26 Oct 2009 2:11 #5251

John,

I'm a real believer (no pun intended) in REAL6 and INTEGER6. The problem is that they aren't native to (x87) coprocessors, and all the operations would need to be coded from scratch (i.e. done in software).

When I used MS Fortran, they had 2 libraries one could link with - one where the math was done largely in software, and one where it was done largely in hardware. They didn't always give the same result! In part, this was because REAL*8 match was done in 64 bits, whereas the coprocessor operations loaded things into 80-bit registers, so that the round-off was potentially different.

Eddie

PaulLaidler

Posts: 7975 Salford, UK

Back to Top

26 Oct 2009 7:37 #5252

selected_integer_kind and selected_real_kind allow you to select the precision etc (within certain hardware limits) but these are mapped to those provided by the processor and co-processor. In other words if you asked for the equivalent of *6 then you would get *8 anyway. Providing *6 via software would be slower than the *8 provided by the hardware.

JohnCampbell

Posts: 2526 Sydney

Back to Top

27 Oct 2009 2:54 #5255

Paul,

I was under the impression that real4 and real8 were done in the 80-bit math co-processor. Results were stored in the word address, with truncation of the accuracy. So my assumption for real6 would be that the calcs would be in the coprocessor, but the truncation would be different. This is not consistent with the statement 'providing real6 via software' I have also seen past reference to a 64-bit rather than 80-bit arithmetic (SSE?) instructions, which would change this assumption. Is the co-processor no longer used and are real4 and real8 calculations now done differently ?

John

Sebastian

Posts: 177

Back to Top

27 Oct 2009 7:04 #5256

So my assumption for real*6 would be that the calcs would be in the coprocessor, but the truncation would be different.

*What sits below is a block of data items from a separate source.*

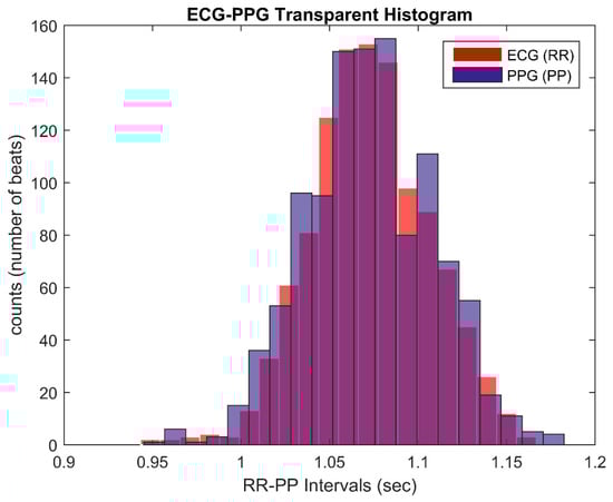 It has been demonstrated that the PPG signal can replace the ECG recordings for the extraction of HRV indices, especially in monitoring healthy individuals at rest [,]. For proving the similarity between ECG and PPG signals, we took the RR and PP intervals from our recorders for a randomly chosen healthy subject, and applied the transparent histogram, as shown in Figure 8. The recording time was 20 min and the number of samples was 1117 for each case. As shown in Figure 8, both signals result in histograms that are close. The mean value for ECG was 1.073 s and 1.073 s for PPG while the standard deviation for ECG was 0.033 s and 0.036 s for PPG.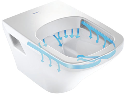 Duravit with its new rimless technology demonstrates how geometry, fluid mechanics and design can be successfully combined for maximum efficiency. In Duravit Rimless®, the open design of the WC rim enables an innovative and powerful flush; water flows in the form of a horizontal arc, and then vertically, before flushing the entire inner surface of the bowl without splashing.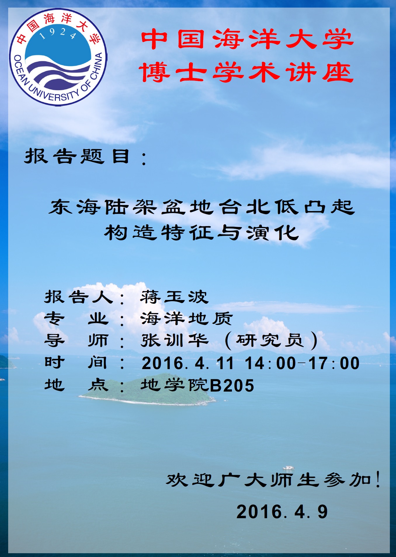 通讯地址:青岛市崂山区松岭路238号 海洋地球科学学院 邮编:266100 电话/传真:0532-66782488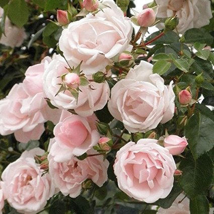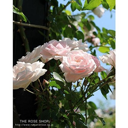 - つるバラの銘花。八重のカップ咲き。大きな花房を形成し、アイボリーピンク色で軟らかな雰囲気です。春から秋まで繰り返し咲きますが、春の咲き出しの美しさは格別です。細く優美なつるは3m以上伸びますので、フェンス、トレリスに適しています。日陰に強いのも大きな特徴で、北向きの壁面や1日の日照4時間以下の場所でも栽培できます。

The fpu has no support for that. It handles 32bit (single precision), 64bit (double precision) and 80bit (extended precision) operations. If you need more information just post or read through some hardware docs like http://sandpile.org/ia32/opc_fpu.htm or the intel (amd) instruction set references.

JohnCampbell

Posts: 2526 Sydney

Back to Top

27 Oct 2009 7:26 #5258

Is 80-bit extended precision the same as real10 or is real10 software implemented ?

PaulLaidler

Posts: 7975 Salford, UK

Back to Top

27 Oct 2009 8:10 #5259

Yes extended precision is the same as real*10.

Sebastian

Posts: 177

Back to Top

27 Oct 2009 8:24 #5262

The x usually specifies the amount of bytes required for the data type (this may be awfully wrong for non-x86/non-PC fortran implementations) so real10 is the 10byte=80bit floating point type as Paul said.

JohnCampbell

Posts: 2526 Sydney

Back to Top

28 Oct 2009 12:24 #5270

Paul,

I am trying to understand how real6 could be done and real10 is done. My question re real*10 is : Is it hardware implemented, with all calculations done in the 80-bit math co-processor, or is that an obsolete technology?

To test out this I wrote a program that repeated vector dot product on 1000 element arrays as real8 or real10, using dot_product intrinsic or simple function which has a loop:-

      REAL*10 FUNCTION VECSUM_10 (A, B, N)
!
!     Performs a vector dot product  VECSUM =  [A] . [B]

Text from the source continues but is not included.